Go is fast, fast enough that you can run out of resources locally (i.e. 1024 open files), or burden the remote server. To throttle goroutines, we use a "full" channel to limit the number of executing http.Get Implementing a Semaphores in Go.

      // fills up a channel of integers to capacity
      func initCapacity(maxOutstanding int) (sem chan int) {
        sem = make(chan int, maxOutstanding)
        for i := 0; i < maxOutstanding; i++ {
          sem <- 1
        }
        return
      }

      // initialize the http GET limit channel
      httpLimitChannel := initCapacity(4)

      // wrap the http.GET around the channel
      // as <- will block until available
      <-httpLimitChannel
      resp, err := http.Get(currentUrl)
      httpLimitChannel <- 1
    

Here's a great talk introducing Go's concurrency patterns

Respecting Robots.txt

The Web Robots Pages describes how bots, like webl all allowed to interact with the site.
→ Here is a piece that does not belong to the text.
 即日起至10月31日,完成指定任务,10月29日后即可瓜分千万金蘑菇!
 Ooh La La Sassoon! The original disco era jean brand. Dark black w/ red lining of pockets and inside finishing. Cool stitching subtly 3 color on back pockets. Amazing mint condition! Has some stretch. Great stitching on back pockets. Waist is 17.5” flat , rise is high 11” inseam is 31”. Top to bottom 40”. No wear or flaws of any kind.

To achieve this, we used a robotstxt and enhanced the fetchResource to keep track of which robots it had loaded to avoid having to fetch the data on each request.
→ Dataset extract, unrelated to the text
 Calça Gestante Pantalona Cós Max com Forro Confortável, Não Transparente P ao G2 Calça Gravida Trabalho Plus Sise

The bulk of the heavy lifting looks like the following:

      func canRobotsAccess(input string, allRobots map[string]*robotstxt.RobotsData) (canAccess bool) {
        canAccess = true
        robotsUrl := toRobotsUrl(input)
        inputPath := toPath(input)

        if robot,ok := allRobots[robotsUrl]; ok {
          if robot == nil {
            return
          }
          canAccess = robot.TestAgent(inputPath, "WeblBot")
        } else {
          allRobots[robotsUrl] = nil
          TRACE.Println(fmt.Sprintf("Loading %s",robotsUrl))
          resp, err := http.Get(robotsUrl)
          if resp != nil && resp.Body != nil {
            defer resp.Body.Close()  
          }
          if err != nil {
            return
          }
          if resp.StatusCode != 200 {
            TRACE.Println(fmt.Sprintf("Unable to access %s, assuming full access.",robotsUrl)) 
            return
          } else {
            robot, err := robotstxt.FromResponse(resp)
            if err != nil {
              return
            }
            allRobots[robotsUrl] = robot
            canAccess = robot.TestAgent(inputPath, "WeblBot")
            TRACE.Println(fmt.Sprintf("Access to %s via %s (ok? %t)",inputPath,robotsUrl,canAccess))  
          }
        }
        return
      }
    

Next Steps

Adding the ability to manage multiple crawls over a domain and provide a diff of the results.

Adding security to prevent abuse from crawling too often.

Improve visualization based on how best to use the data (e.g. broken links, unused assets, etc). This will most likely involve an improved data store (like Postgres) to allow for reaching searching.

Improved sitemap.xml generation to grab other fields like priority, last modified, etc.

Improved resource meta-data like title, and keywords, as well as taking thumbnails of the webpage.

Improved link identification by analyzing JS and CSS for urls.